One thing you must be very mindful of, however, is that the drive connected at the very end of the cable needs to have termination enabled. Single-ended drives, at least of the internal kind, often come with internal terminators. Most are permanently attached to the drive's PCB, and can be activated with a jumper. Some older drives may opt to use user-replaceable resistors instead; you'll need to insert or remove them as needed. If you have no such thing that goes with your drive, don't worry; there are other ways to terminate a drive cable. I'll cover this in the next section.
Check your drive's documentation or label to determine which jumper block is used to enable termination. For these ST32550N drives, termination is enabled on the leftmost jumper adjacent to the power connector, as pictured. Do not confuse this setting with termination power, which is something different and should usually be left to the factory default setting.

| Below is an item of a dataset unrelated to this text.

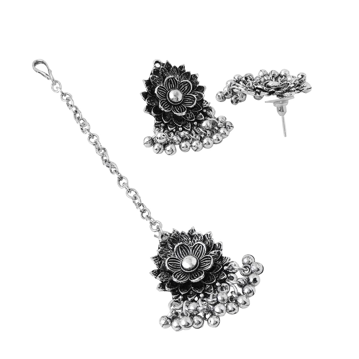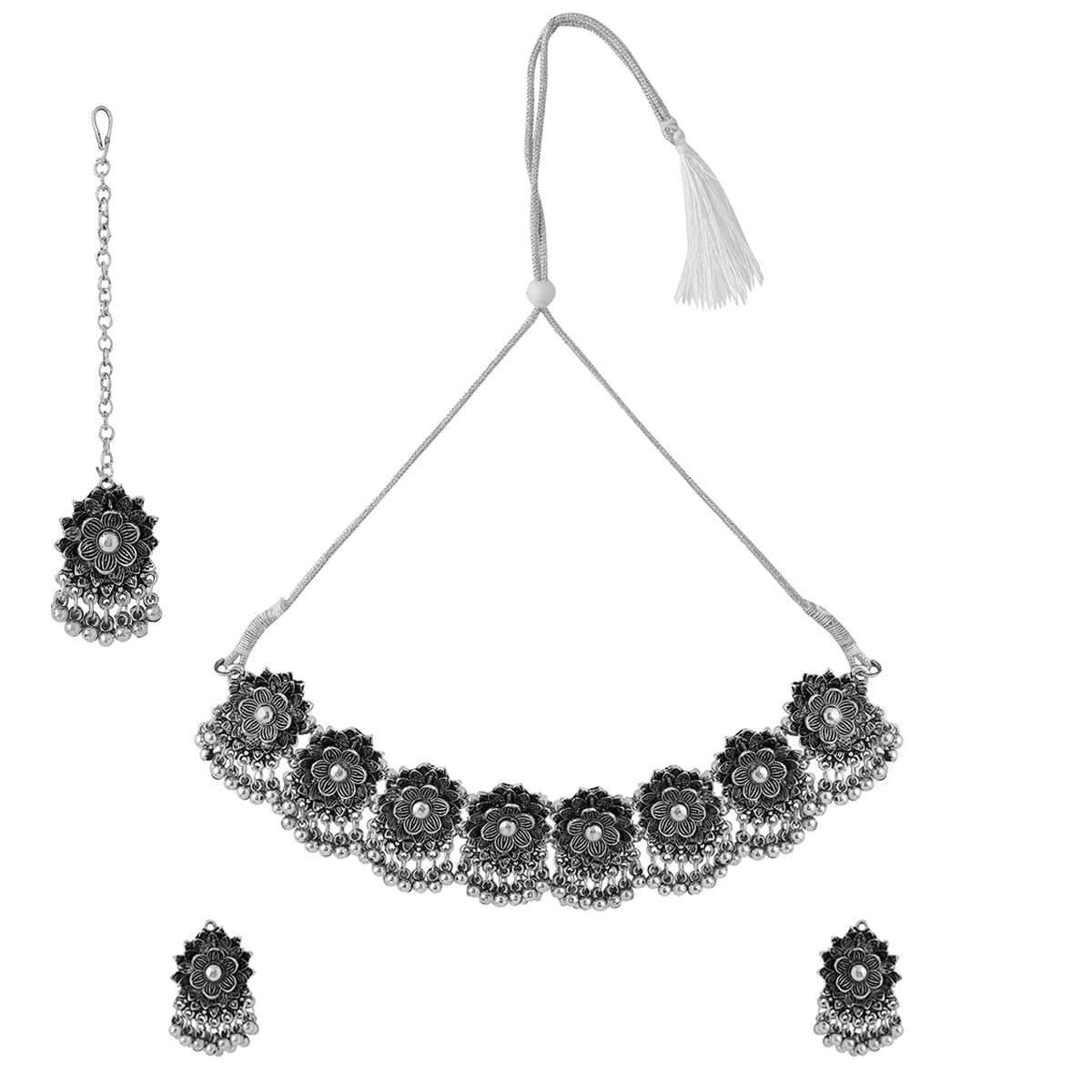 Yellow Chimes Traditional Silver Oxidised Jewellery Set

You must also assign a unique SCSI ID to each drive connected to a single channel. For 8-bit SCSI devices, you can only use values ranging from 0 to 6. SCSI ID 7 is typically reserved for the SCSI controller and should not be changed; this will ensure the controller has the highest priority of all SCSI devices. In most 50-pin hard drives, definitely 3.5" ones, jumpers are typically found on the underside of the PCB, or in the case of these drives depicted, on the opposite side to where the data and power connectors are.
These numbers do not really have to be sequential, but it would be good practice to order your hard drives sequentially. For other devices like CD-ROM or tape drives, you may want to give them a bit of distance from the hard drives in case you want to add more hard drives later. For instance, it may be good to set the IDs of three hard drives to 0-2, and the CD-ROM drive to 4.
If you intend to boot from a SCSI hard drive, you should set its ID to 0, as most SCSI controllers will attempt to execute a bootloader on this ID by default. It may be possible to change the boot target ID in your SCSI controller's settings. If the target drive does not have a master boot record, your SCSI controller may attempt to execute one on a different drive if available.
Like with termination, you should refer to the label or manual for your hard drive to determine the jumpers you need to adjust.
Dual Seagate Barracuda ST32550N Staggered Spinup
If you're going to be installing multiple hard drives in a single computer, it's also very important to stagger the spinup of each drive so that only one is started at a time. Hard drives draw the most current as they're spinning up, then level out at a lower draw once that's done. The best way to do this is by enabling an option called something like "Enable motor start", where the SCSI controller will send a command to the hard drive telling it to spin up once it is detected. The linked video above demonstrates this function in action.
If this cannot be done with your controller, you can alternatively use "Delay motor start", where the hard drive will wait a certain number of seconds before spinning up depending on the ID assigned to it.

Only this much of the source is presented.